Steel Dynamics reported that Q3 net income of $12.8 million on net sales of $1.7 billion fell drastically compared to Q3 2011 earnings of $43.3 million on sales of $2 billion. Income fell even more compared to Q2 2012 when earnings totaled $44.5 million. In the nine months ended September 30, 2012 net income was $103.0 million, on net sales of $ 5.6 billion. By comparison, in the nine months ended September 30, 2011 net income was $247.9 million on net sales of $ 6.1 billion.
"Relative to overall market demand, our operating performance was commendable for the third quarter," Chief Executive Officer Mark Millett said in commenting on the results. "The US market in general remains tepid, as uncertainty surrounding the strength of Europe, growth in China, and the near-term US economic and political environment continues to weigh heavily on customers' purchasing decisions. Aside from our fabrication operations, this reluctance in customer buying resulted in reduced selling volumes across our major operating platforms.

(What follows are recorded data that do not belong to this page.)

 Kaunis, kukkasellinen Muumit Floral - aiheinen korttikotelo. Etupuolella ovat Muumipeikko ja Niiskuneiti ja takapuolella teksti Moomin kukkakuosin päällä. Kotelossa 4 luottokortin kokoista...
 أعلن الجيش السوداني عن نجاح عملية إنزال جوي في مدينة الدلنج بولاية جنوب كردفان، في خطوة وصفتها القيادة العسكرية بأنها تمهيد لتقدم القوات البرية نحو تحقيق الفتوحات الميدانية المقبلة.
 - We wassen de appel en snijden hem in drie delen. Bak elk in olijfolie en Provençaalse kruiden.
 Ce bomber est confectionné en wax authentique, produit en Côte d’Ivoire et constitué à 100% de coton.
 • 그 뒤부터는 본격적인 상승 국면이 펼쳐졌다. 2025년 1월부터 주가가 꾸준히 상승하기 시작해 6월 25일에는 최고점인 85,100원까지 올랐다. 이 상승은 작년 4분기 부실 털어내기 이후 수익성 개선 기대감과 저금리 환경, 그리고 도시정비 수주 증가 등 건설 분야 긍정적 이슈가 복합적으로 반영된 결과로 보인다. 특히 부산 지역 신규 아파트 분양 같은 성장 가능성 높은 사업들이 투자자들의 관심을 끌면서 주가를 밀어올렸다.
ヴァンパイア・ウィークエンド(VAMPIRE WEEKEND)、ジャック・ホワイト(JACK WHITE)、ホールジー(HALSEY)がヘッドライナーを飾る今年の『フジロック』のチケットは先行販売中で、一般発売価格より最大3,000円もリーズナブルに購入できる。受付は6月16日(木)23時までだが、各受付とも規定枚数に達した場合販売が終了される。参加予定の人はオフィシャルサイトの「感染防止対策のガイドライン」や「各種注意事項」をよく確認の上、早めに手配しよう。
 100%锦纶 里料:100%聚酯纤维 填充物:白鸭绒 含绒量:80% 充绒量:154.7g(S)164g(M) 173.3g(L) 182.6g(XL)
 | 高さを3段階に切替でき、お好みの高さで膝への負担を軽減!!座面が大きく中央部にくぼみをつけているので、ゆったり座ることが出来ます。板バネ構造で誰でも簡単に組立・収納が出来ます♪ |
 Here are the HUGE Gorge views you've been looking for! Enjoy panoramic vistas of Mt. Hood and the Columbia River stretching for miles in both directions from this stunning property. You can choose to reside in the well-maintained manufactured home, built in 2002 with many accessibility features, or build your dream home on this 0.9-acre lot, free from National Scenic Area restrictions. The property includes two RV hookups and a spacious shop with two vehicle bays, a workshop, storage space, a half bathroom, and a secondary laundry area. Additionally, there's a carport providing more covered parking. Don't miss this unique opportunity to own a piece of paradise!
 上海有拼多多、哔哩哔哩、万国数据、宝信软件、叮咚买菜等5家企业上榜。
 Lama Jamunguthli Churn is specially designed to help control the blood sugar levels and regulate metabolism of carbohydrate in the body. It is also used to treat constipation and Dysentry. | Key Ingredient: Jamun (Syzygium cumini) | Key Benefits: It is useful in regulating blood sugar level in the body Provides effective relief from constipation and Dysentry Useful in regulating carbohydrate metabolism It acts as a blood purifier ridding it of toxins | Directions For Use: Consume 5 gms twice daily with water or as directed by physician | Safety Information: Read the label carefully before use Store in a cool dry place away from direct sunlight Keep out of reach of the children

The average selling price per ton shipped decreased $45 per ton to $809, and the average ferrous scrap cost per ton melted decreased $44. As the combined steel metal spread was generally consistent quarter over quarter, reduced profitability was largely a function of decreased volume and product mix changes.
Despite lower volumes and selling values in the company's metals recycling business, ferrous metal spreads expanded 23 percent in Q3, as compared to Q2 2012. Operating income for OmniSource increased $11.5 million sequentially to $16.6 million for Q3 2012 as compared to $5.1 million in the prior quarter.
"Within our metals recycling platform, despite a challenging environment that resulted in decreased volumes," continued Millett, "ferrous operating margins improved significantly, as metal spreads expanded 23 percent and initiatives to reduce operating expenses were achieved, resulting in operating income of $16.6 million in the third quarter, compared to $5.1 million in the second quarter of this year. The ferrous scrap market continues to be oversupplied, as the export market and US steel mill utilization rates have moderated. However, we believe an inflection point has been reached and ferrous scrap pricing is likely near a bottom."
Looking forward, Millett cautioned that volumes could once again be challenged in Q4 as "fluctuations in immediate customer needs and hesitancy for customers to carry inventory persists. Ferrous scrap pricing fell further in October, which could challenge our metals recycling operations, while benefiting our steel operations early in the fourth quarter."